Des tests rapides permettent de confirmer ou d’exclure la présence de virus grippal. Ainsi, un test
ELISA à l’aide d’anticorps monoclonaux anti-nucléoprotéine est utilisé pour détecter en 20 à 30
minutes, les virus équins à partir d’écouvillons naso-pharyngés. Ce type de méthode directe de
détection a un double avantage. D'une part, il permet de détecter les animaux excréteurs et de
prendre des mesures éventuelles d'isolement vis-à-vis des autres animaux. En particulier, cette
technique peut être utilisée en fin de période de quarantaine. D'autre part, ce test réalisé avant
l'isolement viral, permet de connaître au préalable les prélèvements qui sont susceptibles de
contenir du virus infectieux.
Les laboratoires Pasteur-Cerba, Frank Duncombe (Calvados)et Afssa-Alfort sont actuellement
les seuls laboratoires pratiquant l’isolement des virus équins. A l’Afssa-Alfort, est utilisée la
détection du génome viral (notamment le segment 2 codant l'hémagglutinine) par PCR à partir
des écouvillons naso-pharyngés. Le séquençage du produit d’amplification obtenu permet de
typer et de génétiquement caractériser le virus détecté.
Sérologique
Le diagnostic sérologique peut aussi être utilisé directement ou dans le cadre d’un diagnostic
de groupe. Différentes techniques sont employées : l’IHA, l’IDG, la fixation du complément.
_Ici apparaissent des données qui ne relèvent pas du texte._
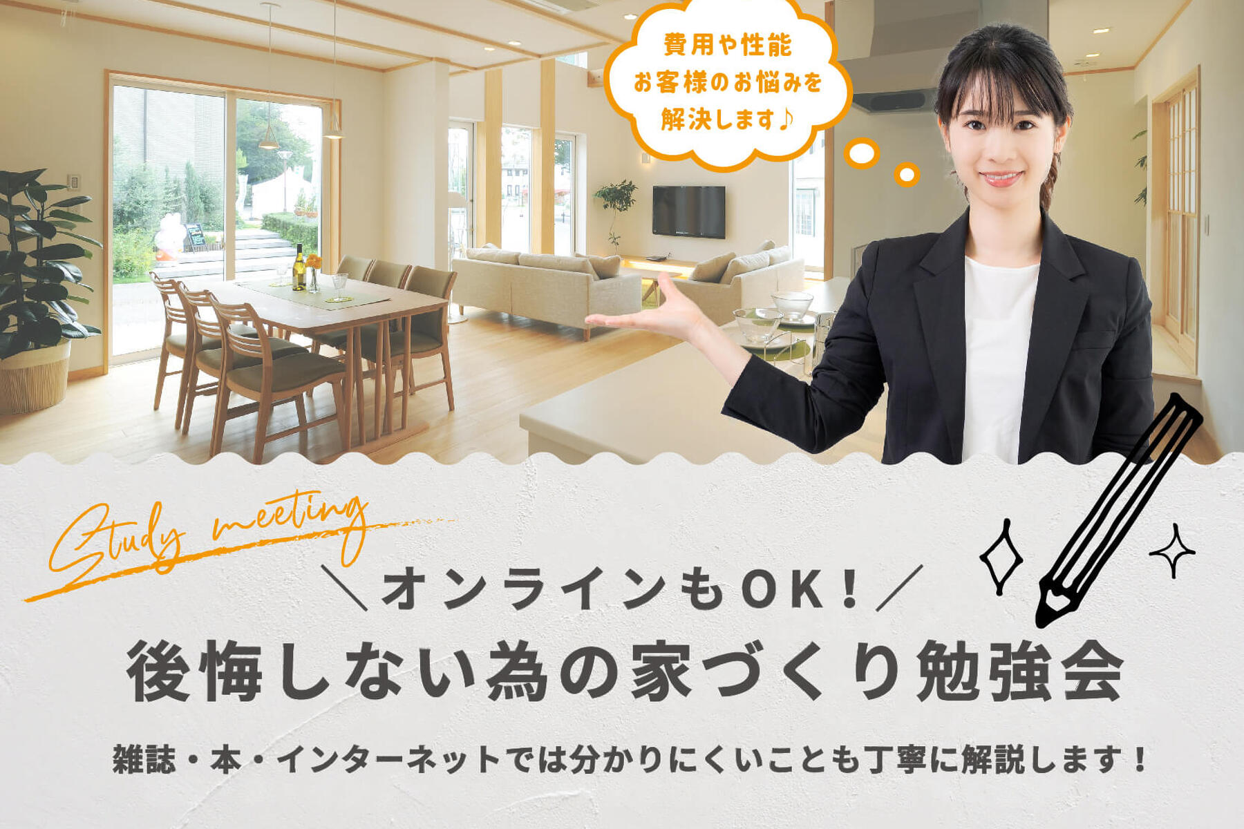 小嶋工務店の勉強会は、皆さんの疑問にプロがわかりやすくお答えする、絶対後悔しないための『家づくり勉強会』です。原則オンラインの勉強会ですが、対面をご希望の方もご対応させていただきます。
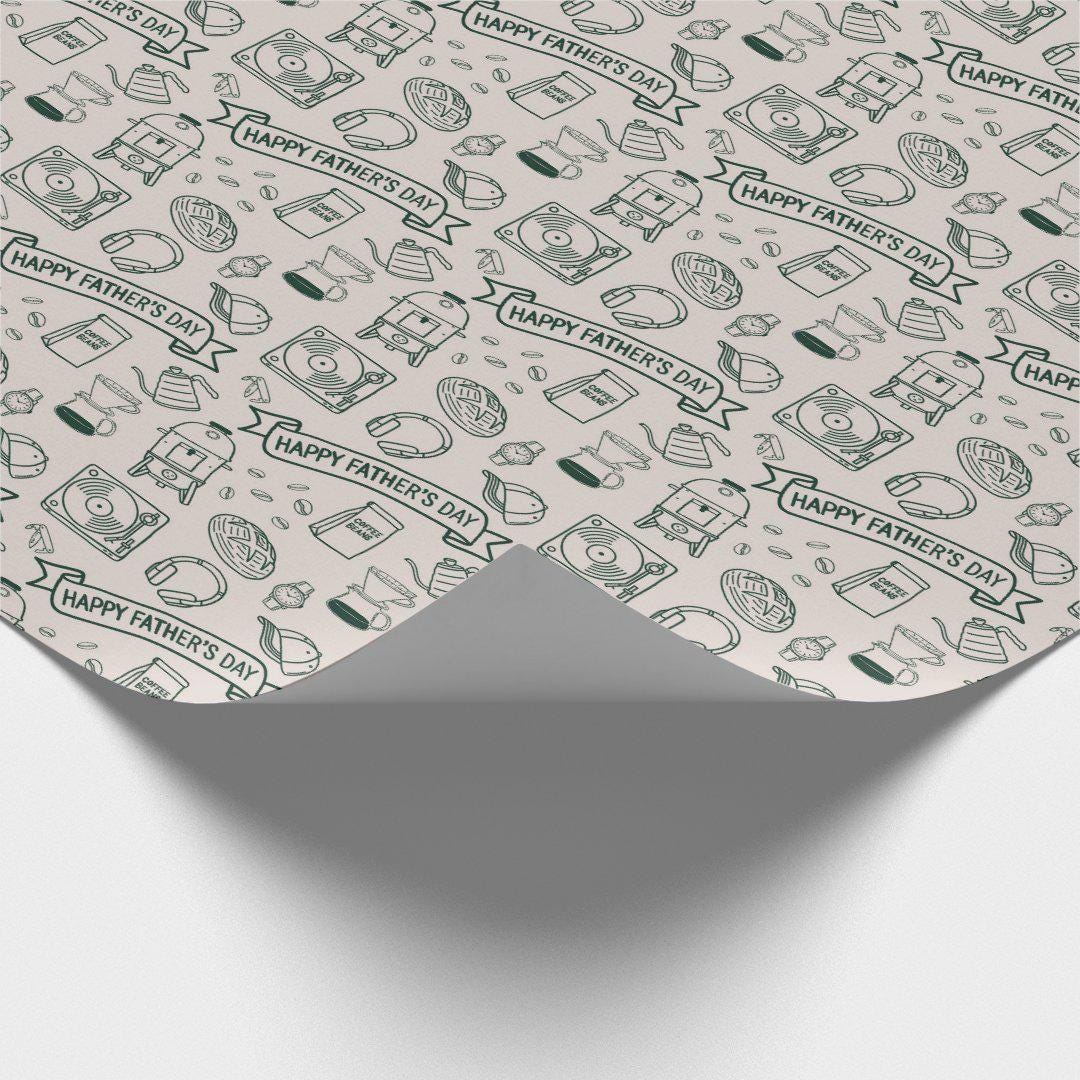 Father's Day wrapping paper featuring a hobby icon pattern — coffee gear, vinyl records, headphones, a BBQ smoker, watches, and "Happy Father's Day" banners — printed in forest green on a warm cream background. Set of 3 sheets.

- l’IHA (les anticorps Inhibant l’HémagglutinAtion -uniquement des IgG- sont associés à la
neutralisation du virus grippal et sont les témoins d’une protection sérologique ; titre protecteur à
partir de 1/80)
- la fixation du complément (FC) (titre significatif > 16 ; les anticorps - IgM et IgG- sont témoins
d’une infection précoce ou d’un contact récent avec l’antigène grippal ; ils apparaissent 15-21 j
après infection et persistent environ 3-4 mois).
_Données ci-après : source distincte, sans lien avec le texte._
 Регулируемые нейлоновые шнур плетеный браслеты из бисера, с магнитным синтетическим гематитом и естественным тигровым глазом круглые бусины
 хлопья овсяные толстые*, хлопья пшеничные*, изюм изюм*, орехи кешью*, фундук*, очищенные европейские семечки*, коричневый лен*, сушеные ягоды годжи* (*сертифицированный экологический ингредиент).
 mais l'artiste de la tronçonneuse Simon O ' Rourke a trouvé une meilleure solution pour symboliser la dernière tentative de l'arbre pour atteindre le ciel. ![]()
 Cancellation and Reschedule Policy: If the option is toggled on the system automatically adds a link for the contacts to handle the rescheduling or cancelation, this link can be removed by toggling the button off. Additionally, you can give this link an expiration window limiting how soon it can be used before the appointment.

Cependant, il est difficile de distinguer les anticorps induits par une infection grippale de ceux
induits par la vaccination. C'est pourquoi, il est nettement préférable que l’interprétation des
sérologies au niveau individuel se base sur une cinétique (2 analyses sérologiques à 15-21 jours
d’intervalle). Une variation significative des titres sérologiques de deux sérums prélevés à 21
jours d’intervalle (plus de deux dilutions d’écart) chez plusieurs animaux permet effectivement
de conclure à l’infection grippale.
Un ELISA permettant de détecter des anticorps dirigés contre la protéine non structurale NS1
du virus grippal a été récemment développé. Puisque cette protéine est produite lors d'une
infection virale et n'est pas présente dans les vaccins à virus inactivés, elle doit permettre de
différencier les réponses humorales à une infection de celles à une vaccination avec ce type de
vaccin.
Sérologie et vaccination :
Les vaccins induisent l’apparition d’anticorps IHA ; certains vaccins peuvent induire
transitoirement une augmentation d’anticorps FC. Il est donc toujours préférable d’effectuer un
diagnostic sérologique (quand plusieurs chevaux sont malades) à partir d’animaux non vaccinés
ou vaccinés au moins 3 mois auparavant pour limiter l’interférence avec les anticorps vaccinaux.